Wisconsin 13-year-old Jayme Closs was found alive last week, nearly three months since she went missing following the deaths of her parents on Oct. 15, 2018. Now, she’s getting some words of wisdom from a woman who survived a similar ordeal, Elizabeth Smart. Smart was abducted in June 2002 when she was 14, and was rescued nine months later. Today, the 31-year-old Smart is a child safety advocate.

“Right now at this point in time, I feel that it’s very, very vital for her to build those relationships with her family because, unfortunately, her family was brutally torn apart,” Smart said on ABC’s Good Morning America on Monday. “So this is a very important time to try to rebuild, to come together again and to start afresh, to try to create a new normal because, unfortunately, there is no going back to the old normal. There’s only a new normal.”

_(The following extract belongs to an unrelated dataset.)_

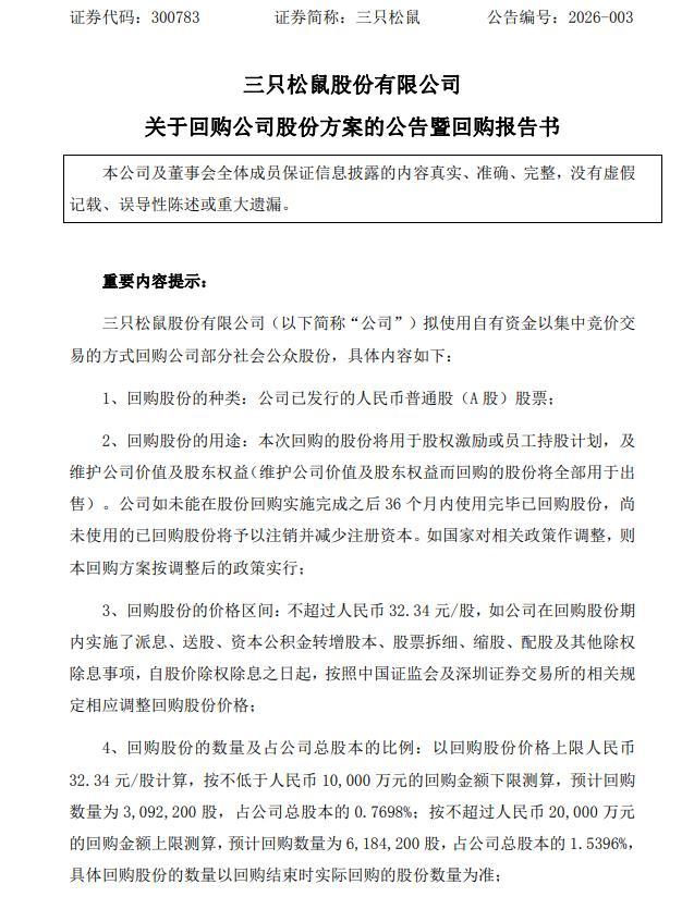 3月24日,三只松鼠(300783.SZ)公告称,公司拟使用自有资金以蚁合竞价样式回购股份,回购资金总和不低于1亿元、不跨越2亿元,回购价钱不跨越32.34元/股。按此测算,预测回购股份数目为309.22万股至618.42万股,占公司总股本的0.7698%至1.5396%。本次回购股份将用于股权激发或职工捏股计算,以及爱戴公司价值及推动权利(后者所回购股份将一齐用于出售)。若三年内未使用实现已回购股份,将赐与刊出并减少注册成本。

Smart acknowledged how difficult this could be, and that Closs should be given “as much time and space as she needs because she’s just been through the most traumatic experience anyone in their life could experience.”

“It’s gonna take time,” Smart continued, referring to how Closs will adjust to life, after going through a kidnapping and the alleged murders of her parents. “And if she doesn’t want to talk then I think that’s her complete prerogative.”

Smart added that after she was saved, she was ashamed of what had happened to her, saying, “I didn’t want people to know what I had been through.”

It is possible to move forward, Smart said, drawing on her personal experience as someone who has successfully created an identity beyond what she went through as a child.

“It’s so easy to feel that ‘this is going to define me,'” Smart recognized, but gave assurance to Closs by saying, “I want her to know that this doesn’t have to be that.”

Smart also noted how Closs showed that she has strength in her, as she was the one who saved herself from her captor, identified by authorities as 21-year-old Jake Thomas Patterson, who is due in court Monday afternoon.

Jeanne Nutter, the woman who was approached by Closs and then brought her to safety, said in an interview with the Law & Crime Network, “The real hero is not me, it’s Jayme, who was able to leave the house and find me on the road.”